Faire travailler son salarié hors des locaux de l’entreprise grâce aux nouvelles technologies ? Une façon différente d’organiser le travail qui présente plusieurs avantages pour l’entreprise. Mais pour le mettre en place, plusieurs règles sont à respecter dont certaines viennent d’ailleurs d’être simplifiées par les ordonnances de la loi Travail de septembre 2017.

Qu’est-ce que le télétravail ?

Selon le Code du travail, le télétravail est une forme d'organisation où les tâches professionnelles qui auraient pu être exécutées dans les locaux de l'entreprise sont effectuées par le salarié hors de ces locaux de façon volontaire en utilisant les technologies de l'information et de la communication. Concrètement, cela signifie que le travail peut être réalisé au domicile du salarié ou dans un espace de coworking par exemple, grâce à Internet, au téléphone mobile, alors qu’il aurait pu être réalisé dans l’entreprise. Cette organisation ne peut se mettre en place que si le salarié et l’employeur sont d’accord.

Quels bénéfices pour votre entreprise ?

Les avantages de faire télétravailler le salarié sont nombreux. D’abord, passant moins de temps dans les transports et pouvant mieux équilibrer vie personnelle et professionnelle, celui-ci est plus performant ! De l’ordre de 5 à 30 % selon les études. Moins distrait par ses collègues et les pauses café, il est plus efficace. Le télétravail permet aussi une baisse de l’absentéisme et du turn-over, le salarié étant moins stressé et plus motivé. Enfin, des économies sont réalisables pour l’entreprise, liées à la location de l’espace de travail, aux coûts de transport...

Comment mettre en pratique le télétravail ?

Depuis septembre 2017, le télétravail n’a plus à être prévu dans le contrat de travail ni faire l’objet de jours fixes. Il peut être mis en œuvre de façon ponctuelle sur simple accord formalisé par tout moyen, ou, s’il est régulier, via un accord collectif (ou à défaut une charte élaborée par l'employeur après avis du Comité social économique s'il existe).

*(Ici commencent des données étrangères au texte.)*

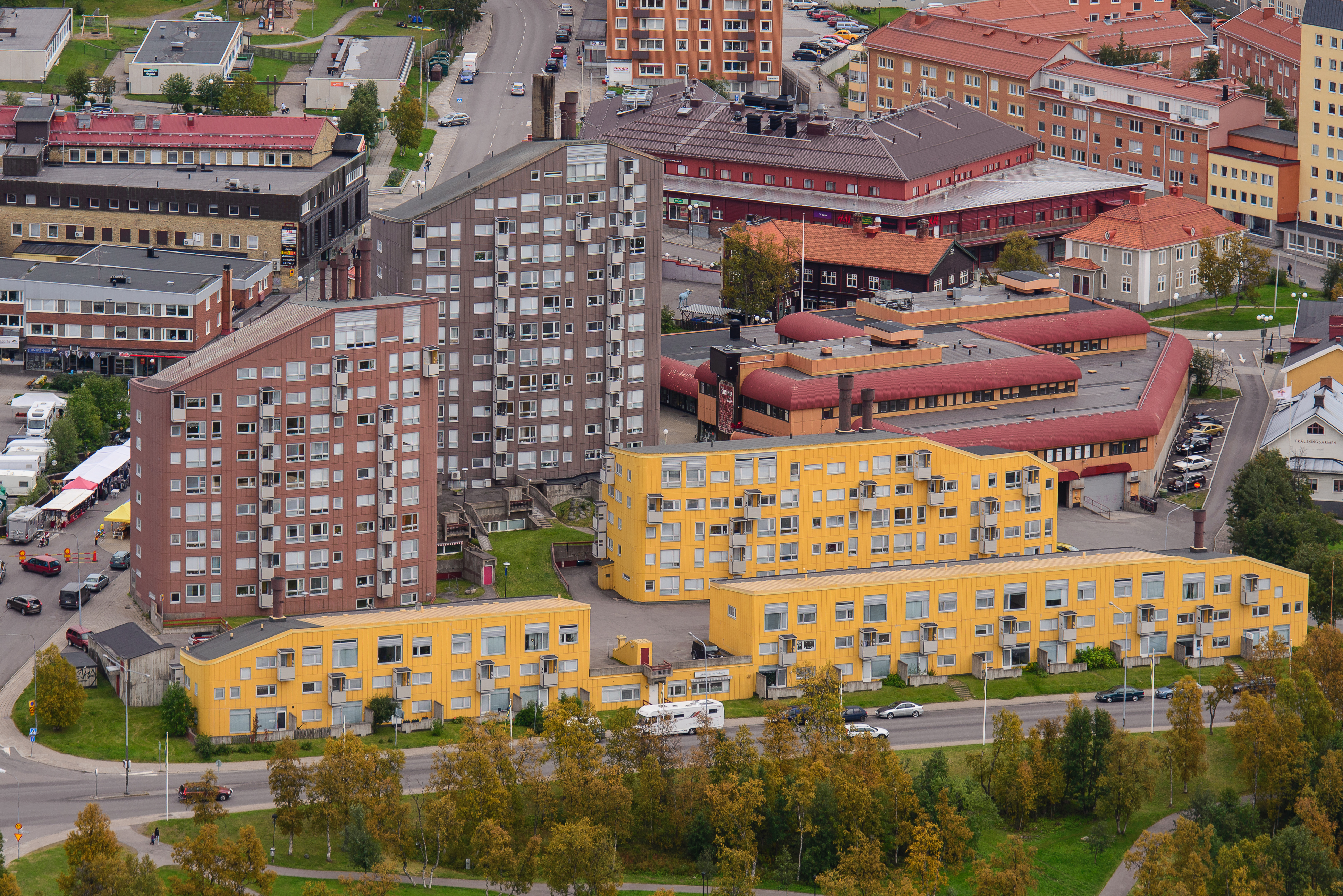 City block "Ortdrivaren" in Kiruna, Sweden. Built 1961. Architect Ralph Erskine.
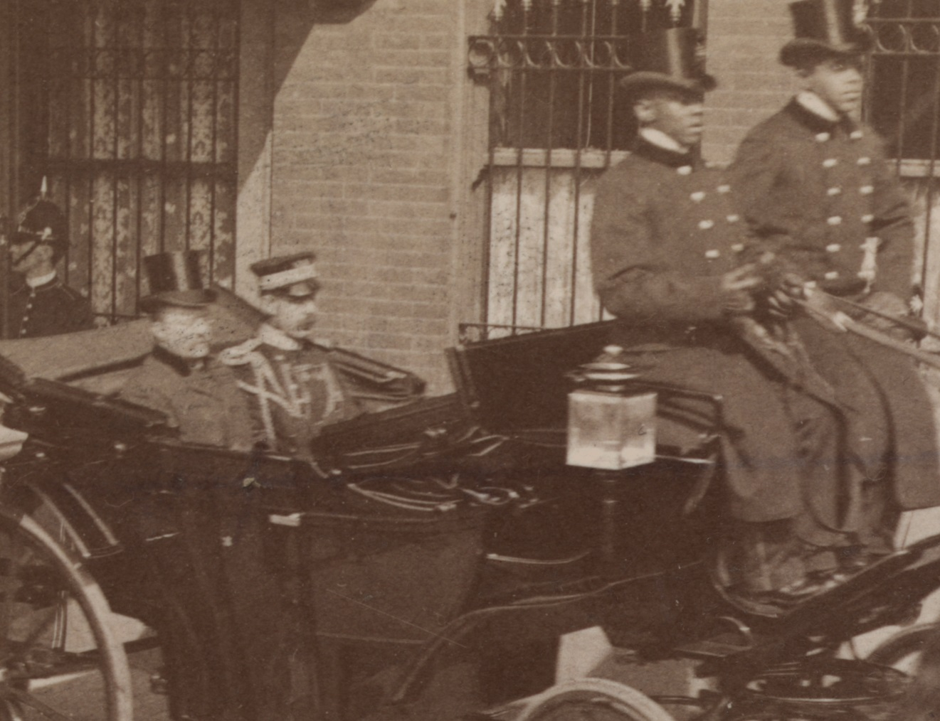 President Roosevelt and Col. Bingham, leaving the German Embassy after returning Prince Henry's call, Washington, U.S.A. April 5, 1902
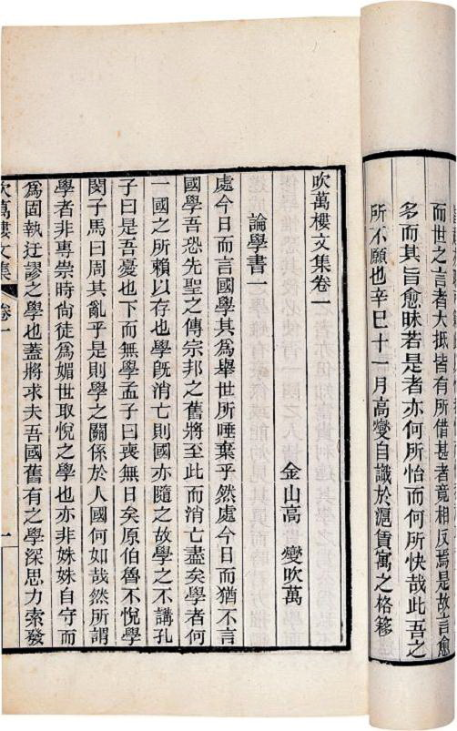 Book published by Gao Xie (title: Literal Collection of Chuiwan, 1941)
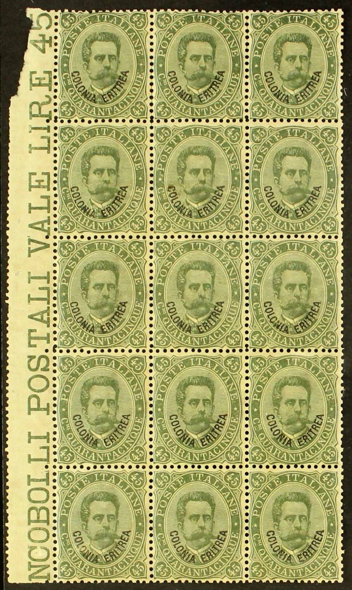 Italian stamps overprinted for Eritrea 1893 45c stamp block.
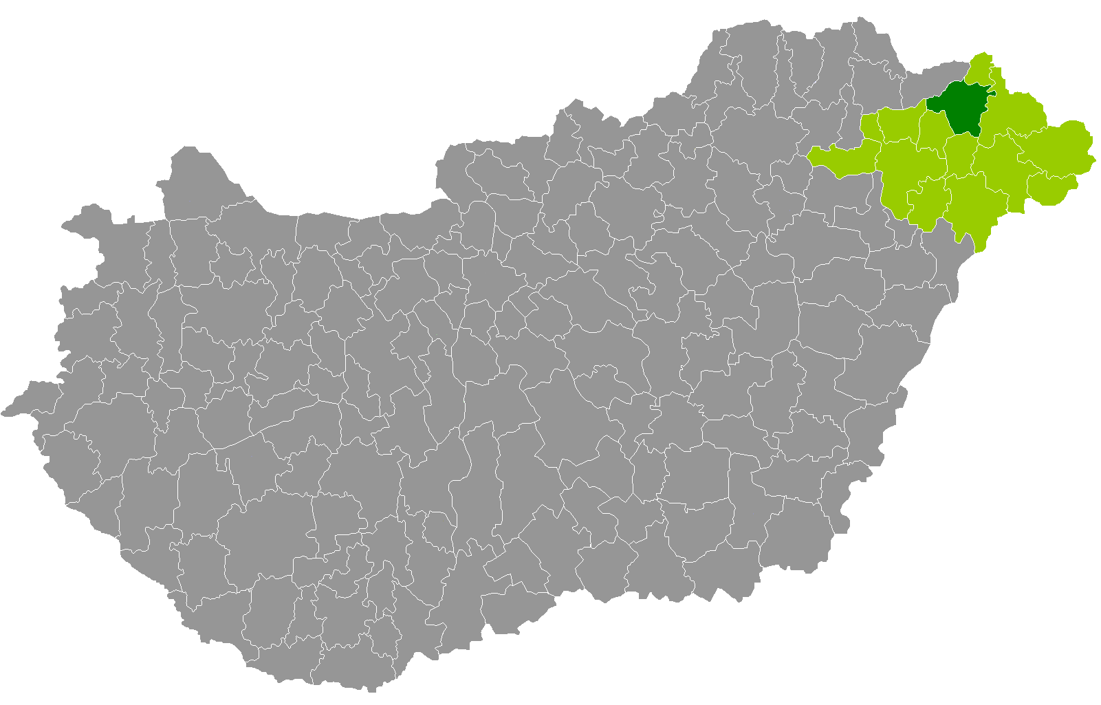 Location of Kisvárda District, Szabolcs-Szatmár-Bereg, Hungary

Cet accord précise les conditions de passage en télétravail et celles du retour à la normale,  les modalités d'acceptation par le salarié des conditions de mise en œuvre du télétravail, les modalités de contrôle du temps de travail ou de régulation de la charge de travail ou encore la détermination des plages horaires durant lesquelles vous pouvez contacter le salarié.

Si vous refusez une demande de télétravail à votre salarié, votre réponse doit désormais être motivée, ce qui n’était pas le cas jusqu’à la loi Travail de septembre 2017. 

Quelles sont vos obligations en tant qu’employeur ?

Le télétravailleur est un salarié comme les autres. Il dispose des mêmes droits, tels que l'accès à la formation, la participation aux élections professionnelles, etc.

Vous avez en outre l’obligation de l’informer sur l’usage des équipements informatiques, sur sa possibilité de reprendre un poste sans télétravail qui correspond à ses compétences, et de convenir avec lui d’un entretien annuel sur ses conditions d'activité. En revanche, vous n'avez plus à prendre en charge les coûts liés à l'exercice du télétravail (matériels, logiciels, abonnements, maintenance...), comme c'était le cas auparavant.

À noter : si un accident survenait sur le lieu et pendant les horaires d’exercice du télétravail, celui-ci est présumé être un accident de travail.